Okerstrom classificou a Europa como um mercado-chave. "A Europa é altamente interessante para nós", disse ele. "Temos uma enorme oportunidade de ser muito mais relevantes localmente para o cliente europeu."

Conseguir mais do que uma presença fora dos EUA não é o único desafio enfrentado por Okerstrom, 44.

A unidade HomeAway da Expedia disputa com Airbnb e Priceline a captura da maior fatia possível do mercado de aluguel de residências, de rápido crescimento. No momento, a Expedia está concentrada principalmente na atualização da tecnologia HomeAway e em colocar um número maior de suas propriedades nos principais sites de reservas da Expedia. O próximo passo é entrar nos mercados urbanos, onde o Airbnb tem uma vantagem considerável, disse Okerstrom.

Okerstrom entrou na Expedia em 2006, pouco depois de Khosrowshahi se tornar CEO e de a empresa se separar da IAC/InterActiveCorp. Canadense de nascimento e advogado por formação, ele trabalhou para subir na hierarquia e foi nomeado diretor financeiro em 2011. Ele esteve estreitamente envolvido com a série de aquisições da Expedia dos últimos anos, que inclui as compras da Orbitz.com e da HomeAway.

Khosrowshahi já havia mudado o foco da Expedia para se concentrar na integração dessas aquisições em vez de procurar mais meganegócios. Okerstrom disse que continuará nesse caminho. "Meu foco será muito operacional", disse ele. Ainda assim, as aquisições podem desempenhar um papel no impulso renovado nos mercados globais, disse Okerstrom.

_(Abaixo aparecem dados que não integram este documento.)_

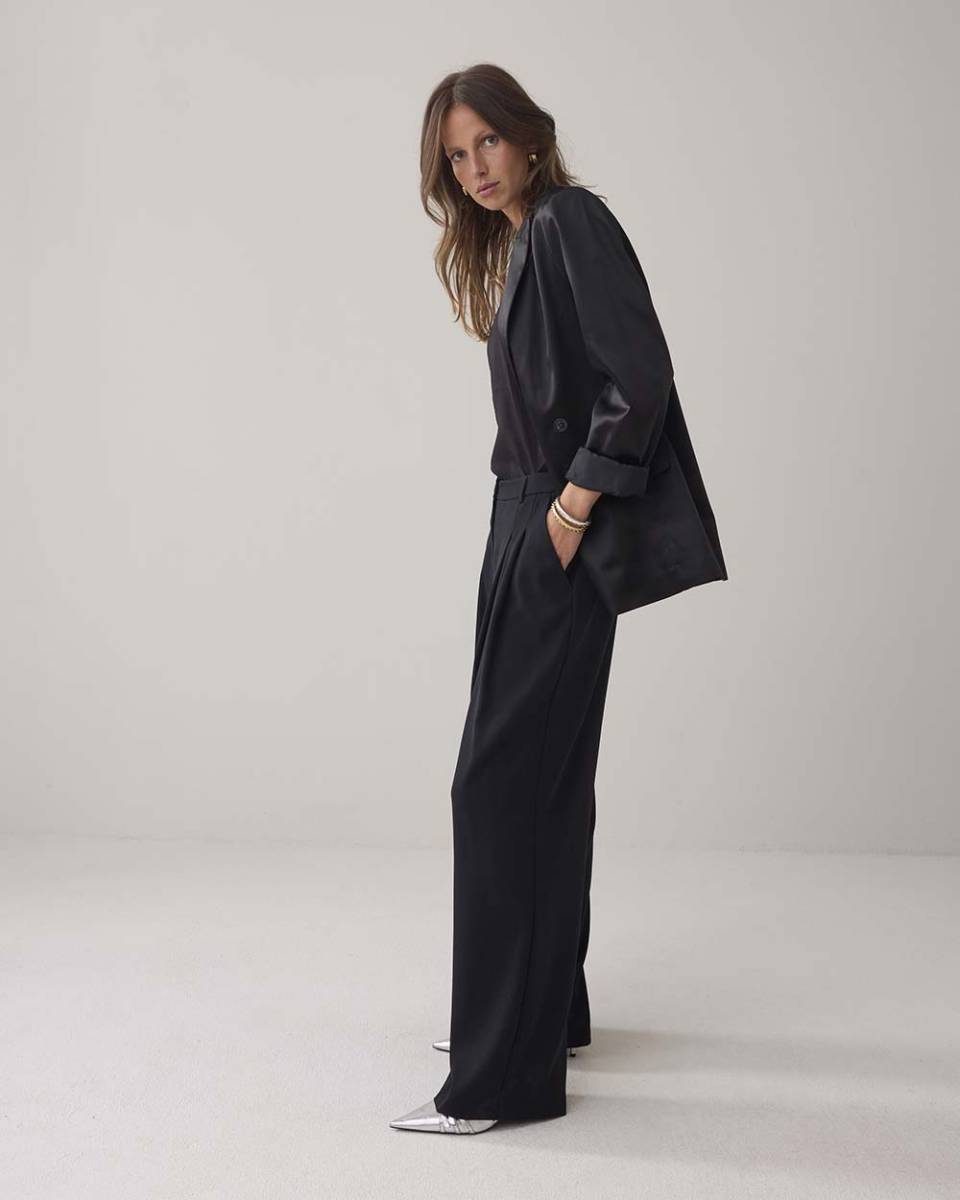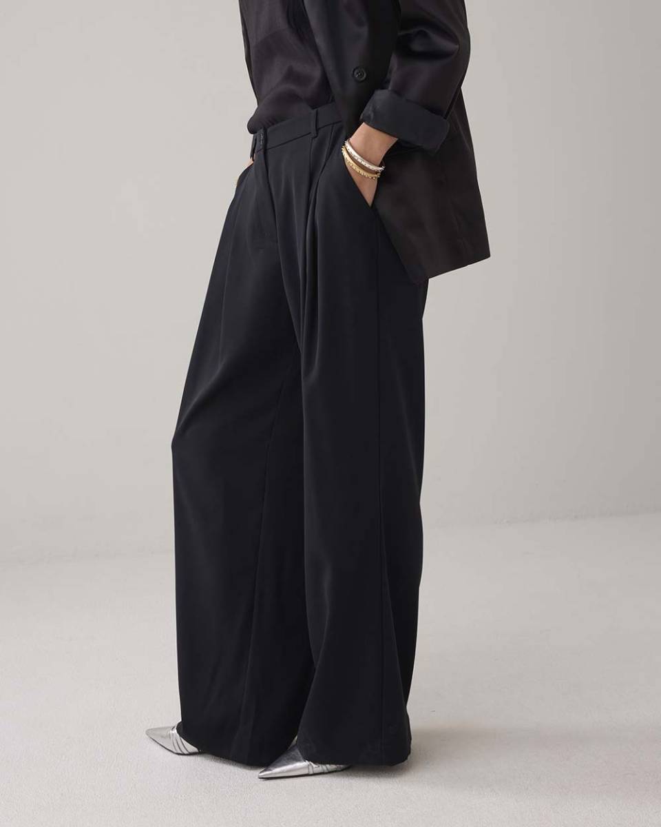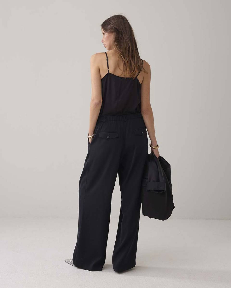 - Vloeiende pasvorm: dankzij de wijde pijpen heeft de broek een comfortabele en elegante uitstraling.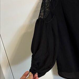 This sheer elegant black top features delicate lace detailing, perfect for any occasion. Its sophisticated design adds a touch of class to your wardrobe.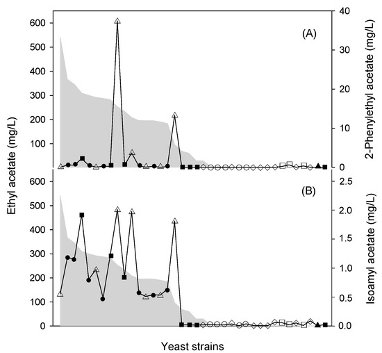 Production of acetate esters by non-Saccharomyces yeast strains. (A) 2-Phenylethyl acetate (symbols; right axis). (B) Isoamyl acetate (symbols; right axis). Ethyl acetate is represented in both panels as an area plot (left axis). Strains: ● Pichia anomala (seven different strains), ■ P. membranifaciens (seven different strains), ▲ P. fermentans (one strain), ◇ Candida spp., △ Hanseniaspora spp., ◯ Torulaspora spp., □ Zygosaccharomyces spp. Adapted from Reference [59].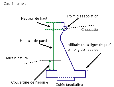 Le point d'association est différent selon que le mur de soutènement est en remblai ou en déblai. S'il est en remblai, le point d'association se situe près du haut du mur de soutènement. S'il est en déblai, le point d'association se situe près de l'assise.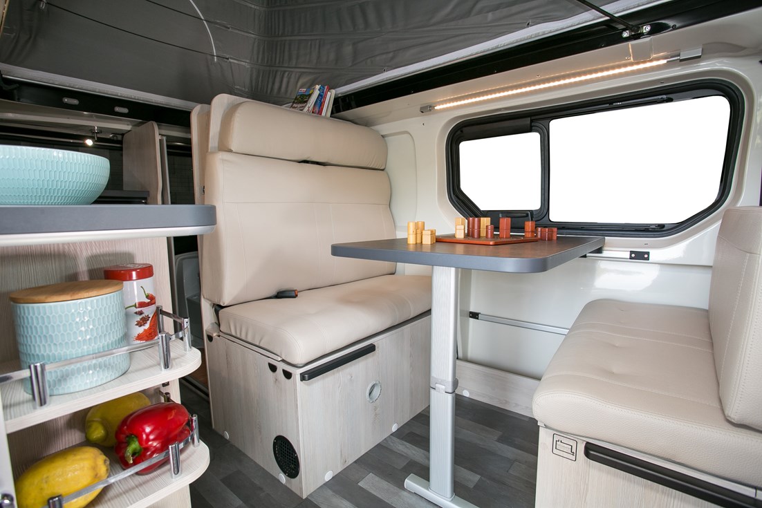 Grazie al tavolo della dinette facilmente asportabile è possibile mangiare fuori quando e dove si desideri usufruendo dell’ancoraggio laterale esterno.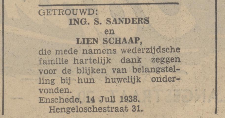 Sanders-Schaap, Mevr. L. Hengelosestraat 31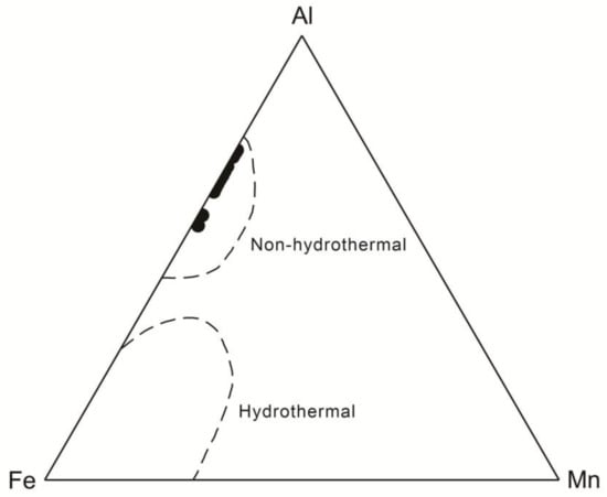 Adachi et al. (1986) proposed the Al-Fe-Mn diagram, which shows the difference in chemical composition between hydrothermal and non-hydrothermal siliceous rock [29]. The influence of hydrothermal activities on the chemical composition of the Longmaxi shales can be identified using this diagram [9]. In the Al-Fe-Mn diagram, all the samples of the Longmaxi shales have extremely low Mn concentrations and are located in the non-hydrothermal origin area, indicating that hydrothermal activities had no effect on the Longmaxi shales during sedimentation and diagenesis and a large proportion of the silicas was not derived from hydrothermal dissolution (Figure 8).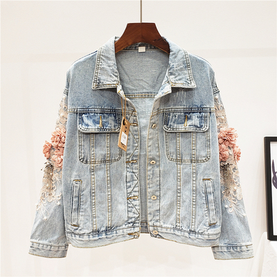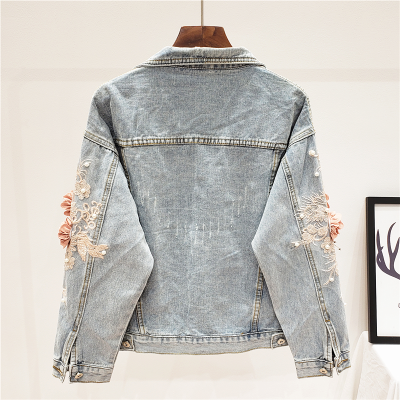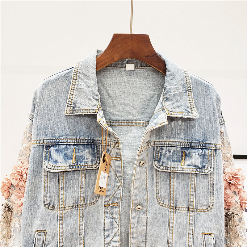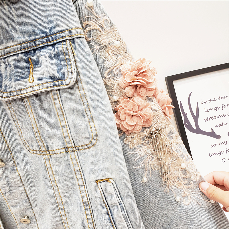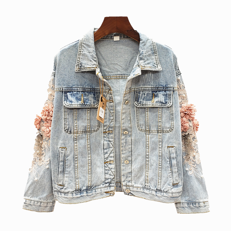 TRISCHA ROCO HANDMADE THREE DIMENSIONAL FLOWER EMBROIDERED DENIM JACKET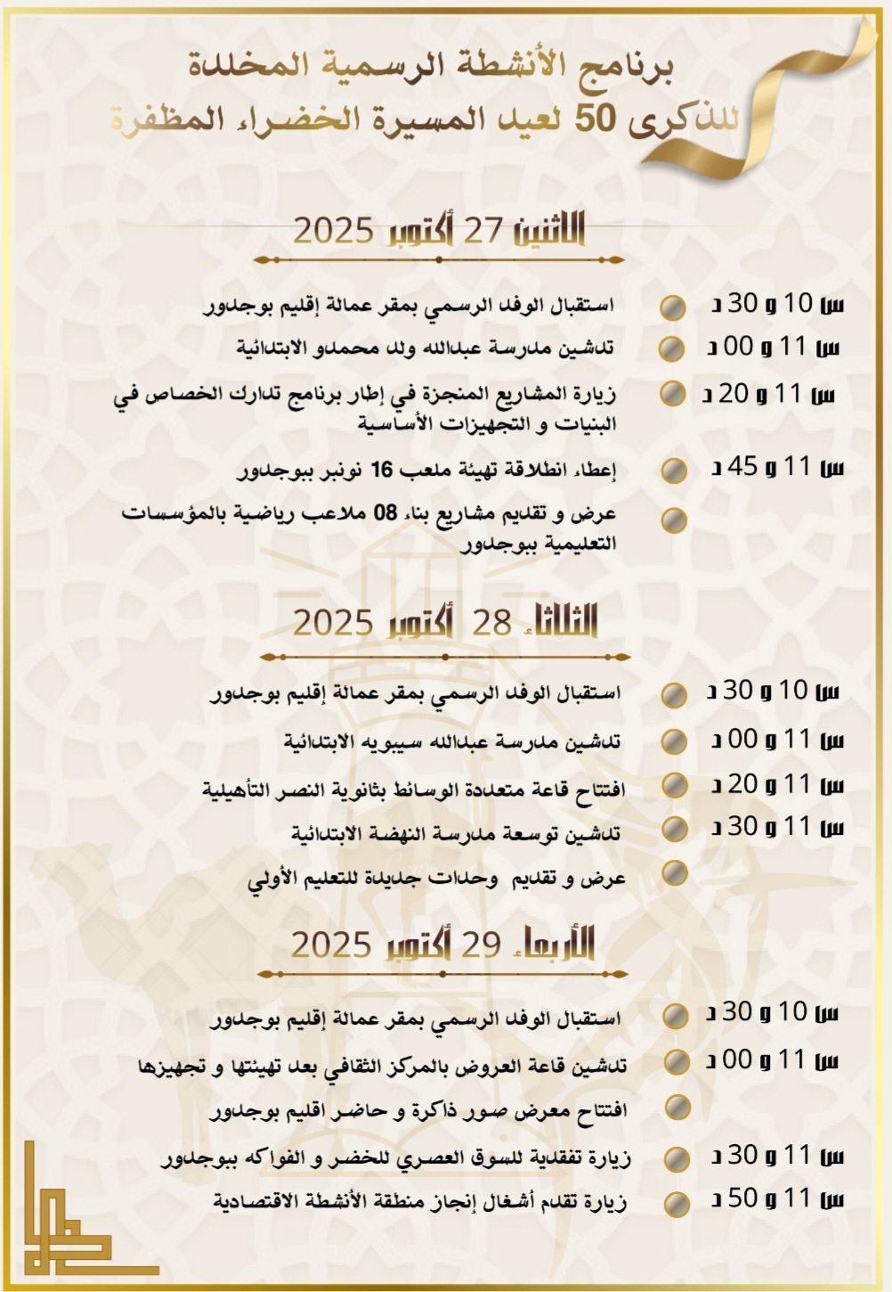 كما لعبت الفعاليات المنتخبة والمجتمع المدني دورًا مهمًا في تعزيز روح الانتماء والعمل الجماعي، حيث توحدت الجهود بين السلطات المحلية والأمنية والمجتمع المدني لتنظيم أنشطة ثقافية ورياضية ومهرجانات وندوات، احتفاءً بالذكرى الخمسين.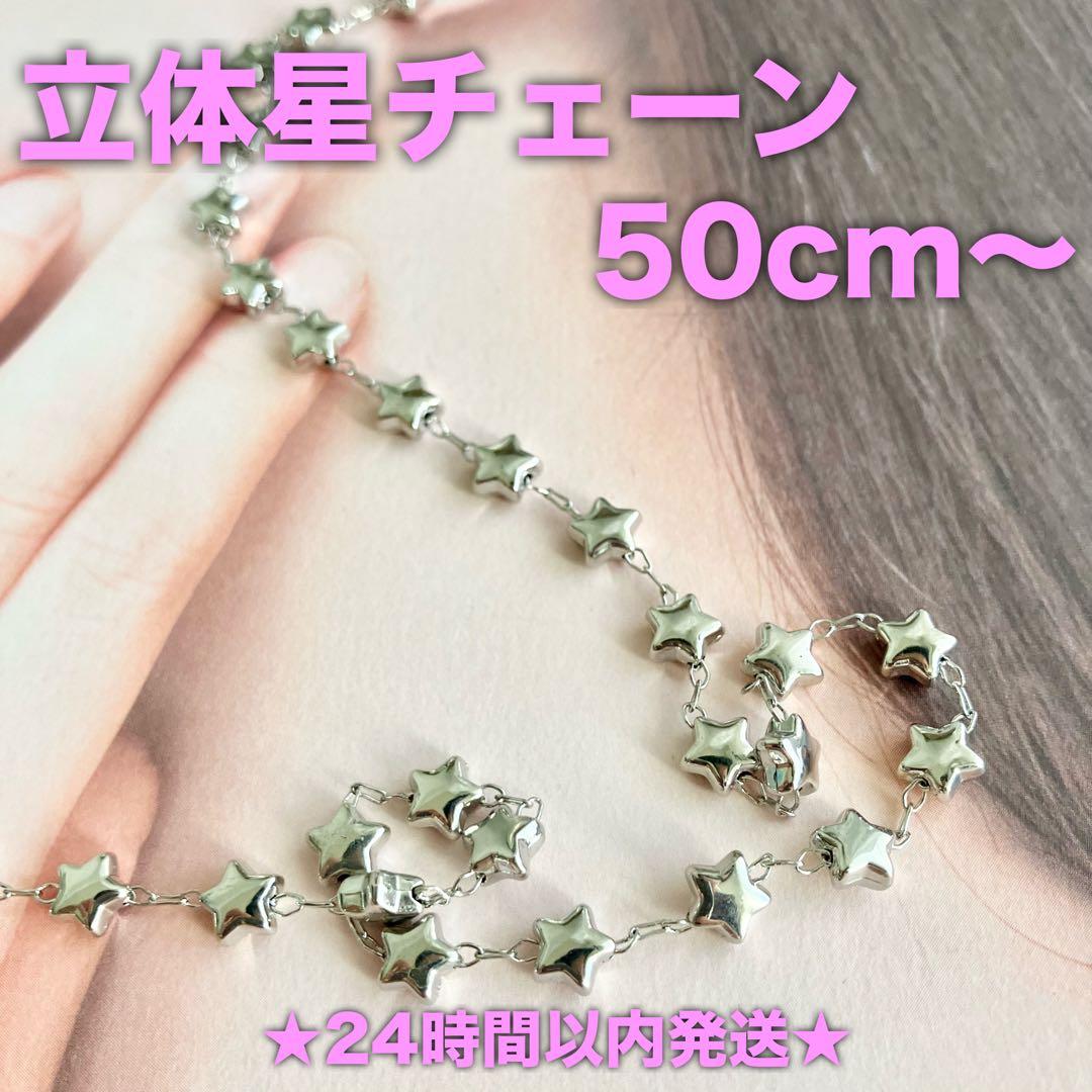 ★24時間以内発送★【50cm】立体星チェーンシルバー(251121-04)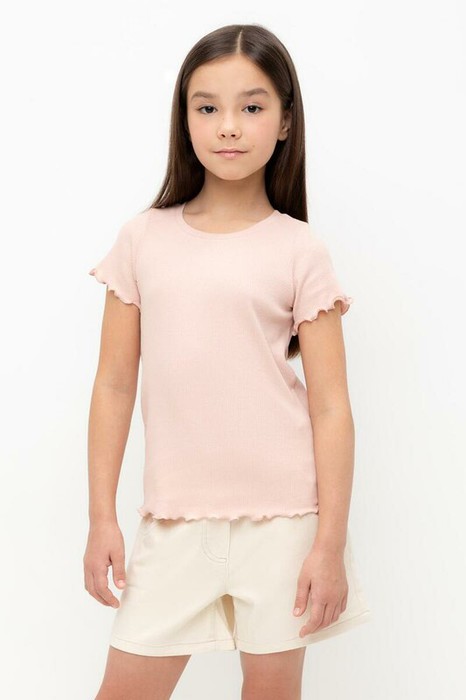 Футболка для девочки из эластичного трикотажа в рубчик. Изделие сохраняет цвет и форму после многократных стирок.

A Okerstrom também deverá abordar as novas ameaças ao mercado de viagens on-line, de 20 anos, que manteve praticamente o mesmo modelo de negócio enquanto outros setores da internet, como os de buscas on-line, comércio eletrônico e redes sociais, mudaram radicalmente.

Um grande desafio é o Google, que se expandiu mais no ramo de serviços de viagens e obtém cerca de US$ 14 bilhões em receitas com o setor por ano, estima a Skift Research. O total é maior do que o obtido pela Expedia e pela Priceline.